NPRG042 Programming in Parallel Environment

Labs 02 - TBB matrix transpose

Take a code startup pack tbb-matrix-tran.zip, unzip it, and open it in Visual Studio (or your favorite IDE). Optionally, you can copy the same starter pack from /home/_teaching/para/labs/tbb-matrix-tran NFS directory on parlab.

The objective is to parallelize the matrix transpose operation using Intel TBB. The matrix is stored in the class Matrix which takes a policy class that defines its memory organization (currently, only the MatrixOrganizationLinear policy representing traditional row-wise layout is available). The transpose operation should be performed in-place. The matrix is always square and its side size is taken as (the only) command line argument (16 384 is the default). The matrix is filled with a simple pattern to facilitate validation.

The serial_transpose() function is provided as a reference serial implementation. The parallel_transpose() function is the one you should implement. The main() function is already prepared to measure the execution time of both functions and to validate parallel computation results.

Compilation and execution on parlab

For compilation, you may use the provided Makefile, and optionally the build.sh sbatch script. This is not an ordinary shell script, but it needs to be executed via slurm as

$> sbatch ./build.sh

It will enqueue the job and execute it once the resources become available. The job ID is returned by the sbatch command. You can check the job status using the squeue command or the sacct -j <jobID> command. Once the job is finished, the output is stored in ./build.log file.

If you prefer to run the make directly as a terminal command, use srun:

$> srun -A nprg042s -p mpi-homo-short -c 1 -n 1 make

Similarly, you can run the compiled job using

$> sbatch ./run.sh [ <matrix-side-size> ]

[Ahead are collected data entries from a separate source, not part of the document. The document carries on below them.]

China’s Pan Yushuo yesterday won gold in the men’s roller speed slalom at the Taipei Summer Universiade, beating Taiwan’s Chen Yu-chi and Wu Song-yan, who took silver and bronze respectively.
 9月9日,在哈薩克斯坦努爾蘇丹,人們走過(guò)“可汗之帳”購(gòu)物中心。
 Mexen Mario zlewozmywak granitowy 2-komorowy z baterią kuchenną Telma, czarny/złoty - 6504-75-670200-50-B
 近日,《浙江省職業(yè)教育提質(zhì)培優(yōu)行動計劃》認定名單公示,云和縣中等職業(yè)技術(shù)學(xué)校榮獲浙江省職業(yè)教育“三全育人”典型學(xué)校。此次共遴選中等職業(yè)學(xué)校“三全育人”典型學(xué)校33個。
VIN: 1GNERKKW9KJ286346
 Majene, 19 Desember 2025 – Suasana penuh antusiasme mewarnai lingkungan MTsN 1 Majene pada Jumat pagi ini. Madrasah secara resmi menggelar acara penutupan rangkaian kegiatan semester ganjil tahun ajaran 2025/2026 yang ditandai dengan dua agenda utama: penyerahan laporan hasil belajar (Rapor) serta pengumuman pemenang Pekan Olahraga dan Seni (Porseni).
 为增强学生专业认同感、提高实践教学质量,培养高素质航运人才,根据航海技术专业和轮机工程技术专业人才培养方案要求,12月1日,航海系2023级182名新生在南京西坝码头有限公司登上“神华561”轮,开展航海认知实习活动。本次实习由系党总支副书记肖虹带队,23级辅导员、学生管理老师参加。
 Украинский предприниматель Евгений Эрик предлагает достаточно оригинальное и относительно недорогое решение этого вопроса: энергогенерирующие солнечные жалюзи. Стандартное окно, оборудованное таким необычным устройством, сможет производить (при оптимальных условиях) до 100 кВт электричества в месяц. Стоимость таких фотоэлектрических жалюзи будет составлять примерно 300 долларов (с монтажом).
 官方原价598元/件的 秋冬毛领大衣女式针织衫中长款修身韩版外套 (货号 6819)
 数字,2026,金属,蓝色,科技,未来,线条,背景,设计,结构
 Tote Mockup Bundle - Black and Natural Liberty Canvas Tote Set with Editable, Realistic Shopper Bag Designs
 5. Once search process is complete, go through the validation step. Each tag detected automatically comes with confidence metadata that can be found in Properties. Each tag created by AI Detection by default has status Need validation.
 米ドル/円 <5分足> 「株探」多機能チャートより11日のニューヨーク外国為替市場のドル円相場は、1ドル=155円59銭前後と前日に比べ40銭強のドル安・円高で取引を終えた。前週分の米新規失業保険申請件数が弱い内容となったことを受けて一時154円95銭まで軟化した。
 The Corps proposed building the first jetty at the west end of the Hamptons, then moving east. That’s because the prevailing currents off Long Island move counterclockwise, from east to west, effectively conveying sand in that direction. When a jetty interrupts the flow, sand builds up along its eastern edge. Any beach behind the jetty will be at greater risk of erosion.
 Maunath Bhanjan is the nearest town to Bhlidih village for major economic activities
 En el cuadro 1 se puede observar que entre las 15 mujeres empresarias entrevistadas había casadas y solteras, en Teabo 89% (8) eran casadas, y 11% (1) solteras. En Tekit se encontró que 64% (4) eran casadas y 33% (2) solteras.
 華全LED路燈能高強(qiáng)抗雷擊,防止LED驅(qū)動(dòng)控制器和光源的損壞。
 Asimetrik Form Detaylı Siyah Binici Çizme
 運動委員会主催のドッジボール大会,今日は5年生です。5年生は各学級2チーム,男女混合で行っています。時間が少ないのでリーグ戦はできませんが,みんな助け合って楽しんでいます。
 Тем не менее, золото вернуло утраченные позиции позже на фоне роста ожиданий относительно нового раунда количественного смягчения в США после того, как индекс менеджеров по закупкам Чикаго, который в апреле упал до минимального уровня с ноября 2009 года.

It takes one optional argument (matrix size) and yields the output (measured times) into run.log. Alternatively, you can run it interactively as:

$> srun -A nprg042s -p mpi-homo-short -c 32 -n 1 ./tbb-matrix-tran [ <matrix-side-size> ]

Feel free to experiment with the number of allocated processors (-c argument) and the size of the matrix. For debugging, it is recommended to keep the size small (up to a few thousand) and use only 4-8 CPUs so you can better share resources in the class. The 32 cores are a reasonable maximum (64 cores are likely to exhibit no improvement since there are only 32 physical cores).

After implementing the solution on your own, you may consult the result notes.